Moshav rehov, who grows herbs, says he currently pays one shekel, about two cents per cubic meter of water. But the government had already threatened to increase prices tenfold soon. "Then we have no chance to survive," says the farmer, who relies on particularly water-intensive greenhouse production. Palestinians, on the other hand, already pay an average of five shekels per cubic meter for their tap water.

West bank: cut pipes and drying up wells

The fact that palestinian farmers are not allowed to drill new wells and are dependent on the water allocation means that their dependence on natural sources is high. Remote areas that are not connected to the pipeline system are hit particularly hard. One example is the once fertile jordan valley. According to the locals, even before the jewish occupation there were numerous fields where fruit, vegetables and herbs were grown. But this has long been the end.

One of the first acts of the israeli army after the six-day war in 1967 was to cut off the water pipelines from the jordan river to the fields, explains the palestinian water engineer nader al-khateeb. At present only a fraction of the formerly irrigated land is cultivated. Today, the jordan river is located in the west bank in a military zone secured by mines and barbed wire. Its water, however, is no more than a cesspool, since its tributaries are as good as dry and millions of liters are also pumped into the israeli supply system from the sea of galilee, through which the jordan river flows. Mainly sewage is discharged.

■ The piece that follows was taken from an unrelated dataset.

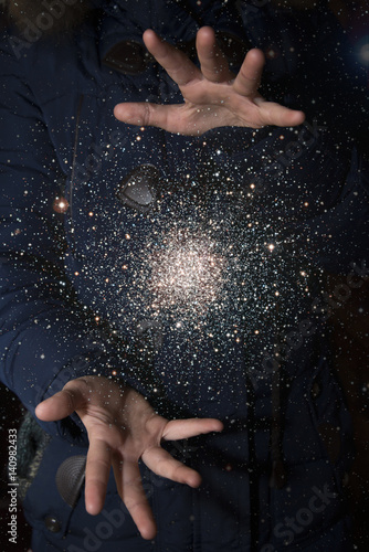 Wall mural the vast universe in the hands of a child. elements of this image furnished by nasa.

The durre is now causing the natural springs to dry up as well. This happened in the community of ouja near jericho, not far from the jordan river. Die meisten haushalte der gegend sind nicht einmal an das leitungssystem angeschlossen, so wie rund ein drittel aller palastinensischen dorfer. Three years ago, farmers were deprived of access to the jordan river. Now the natural al-ouja source is also drying up. The inhabitants can only hope that it will rain one day. The only alternative is to have tankers brought in with expensive water. A cubic meter then costs more than five times the average price of water. For this, palestinians have to work long hours – often as day laborers in israeli settlements, as al-khateeb recounts.

"It always hits the poorest in a society first," says messerschmidt. In ramallah, on the other hand, the seat of government of the palestinian authority, there is no sign of the water crisis.

I have been living in ramallah for 12 years now and there has always been water coming out of the tap.

As long as the ruling class does not experience the problem first hand, nothing will change – this is no different in palestine than in any other country in the world. The hydrologist, however, is particularly disappointed with europe: western development ngos have been printing themselves around the dispute with israel. Access to water is one of the most pressing problems in the west bank and gaza. Hier gehe es nicht nur um die okonomische entwicklung des landes, sondern oftmals um die nackte existenz vieler menschen.

Israelis and palestinians alike are now eagerly awaiting winter. If there was no gross rain again, the quiet conflict could soon turn into a loud, visible confrontation.